Third, Crystal lets you be very performant, but it requires more work from you, the programmer. This is a difference from Ruby. However, Crystal tries to keep almost the same developer happiness that Ruby gives you: it might make you feel sad or angry writing BigInt.new(1), but this is compensated with the happiness you get when you run your code and see it executes very fast.

When trying out Crystal it’s tempting, and very fun, to write small benchmarks to see how the language’s performance compares to other languages. Because of its syntax, comparing with Ruby is usually the simplest thing to do. Many times we can even use the same code.

Let’s compare the fibonacci function:

# fib.cr
def fib(n)
  if n <= 1
    1
  else
    fib(n - 1) + fib(n - 2)
  end
end

time = Time.now
puts fib(42)
puts Time.now - time

Let’s compare the times.

$ ruby fib.cr
433494437
37.105234
$ crystal fib.cr --release
433494437
00:00:00.9999380

As can be seen, Crystal is giving us a huge increase in performance. Nice!

However, there’s a fundamental problem in the above benchmark: we aren’t comparing the same function, the same algorithm.

To see that this is true, let’s try increasing the number 42 to 46 and run the programs again:

$ ruby fib.cr
2971215073
260.206918
$ crystal fib.cr --release
-1323752223
00:00:06.8042220

What did just happen?

It turns out Crystal has several integer types that map to a computer’s integers: Int8 for signed numbers represented with 8 bits, Int32 for signed numbers represented with 32 bits, UInt64 for unsigned numbers represented with 64 bits and so on. The default type of an integer literal in Crystal is Int32, so its maximum value is (2 ** 31) - 1 == 2147483647. Because 2971215073 is bigger than this, the operation overflows and gives a negative result.

Ruby, on the other hand, has two integer types: Fixnum and Bignum (although in Ruby 2.4 they will be unified in a single Integer class). Ruby tries to represent integers with 64 bits if the are “small” (less than 4611686018427387903), trying not to allocate heap memory, and will use heap memory to represent integers larger than that. When doing operations between integers, Ruby will make sure to create a Bignum in case of overflow, to give a correct result.

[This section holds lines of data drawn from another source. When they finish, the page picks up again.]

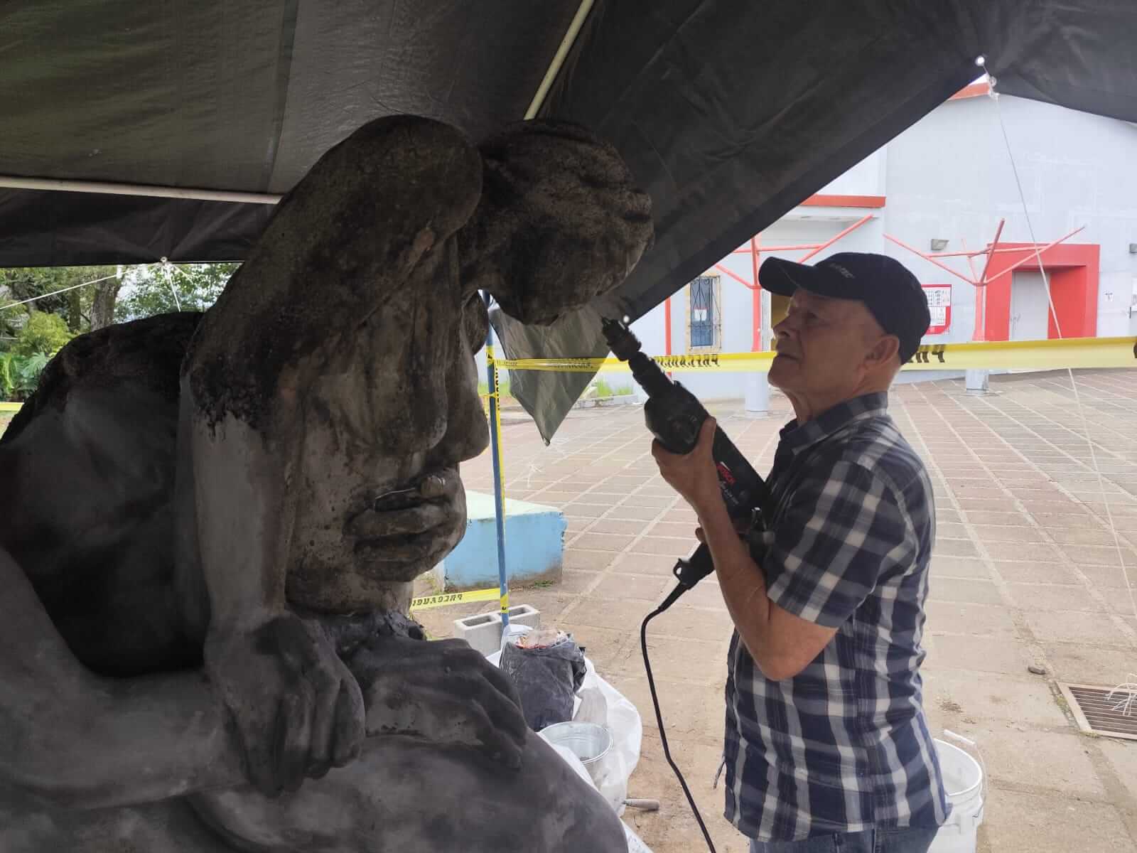 En la nueva base se coló cemento y arena para sujetar la obra. Además, se hizo un segundo lavado para eliminar algas y líquenes de la superficie de la escultura. A la obra se le aplicó mortero de cemento de arena fino con espátula en toda la superficie, se le colocaron pernos faltantes, se aplicó el resanado de los faltantes (dedos y nariz). Se da un tiempo de secado antes de aplicar un nuevo acabado a la base y a la obra. Tras el sellado, nuevamente se dio un tiempo de secado.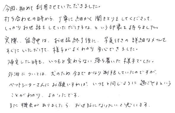 今回、初めて利用させていただきました。打ち合わせの時から、丁寧に細かく聞きとりをしてくださって、しっかりお世話をしていただけるな、という印象を持ちました。実際、留守中は、お世話終了後に写真付きの詳細なメールをすぐにいただけて、様子がよくわかり安心できました。帰宅した時も、いつもと変わらない落ち着いた様子でした。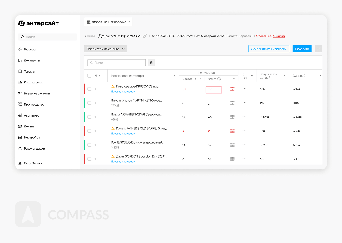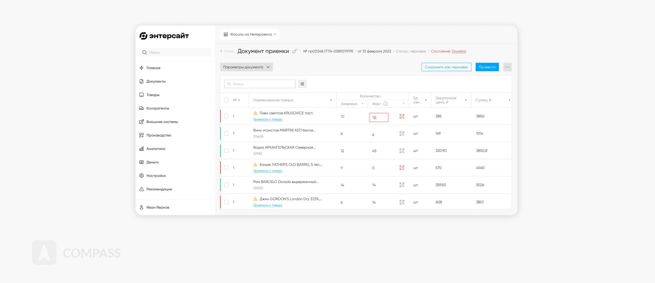 Упростить операции с товарами. В программе складского учета проще принимать товар, заводить новые позиции в базу, передавать данные в «Честный знак» или проводить инвентаризацию. Например, не нужно вносить данные о приходе вручную, достаточно загрузить накладную или УПД, данные о товаре подтянутся автоматически.

Now we can understand why Ruby is slower: it has to do this overflow check on every operation, preventing some optimizations. Crystal, on the other hand, can ask LLVM to optimize this code very well, sometimes even letting LLVM compute the result at compile time. However, Crystal might give incorrect results, while Ruby makes sure to always give the correct result.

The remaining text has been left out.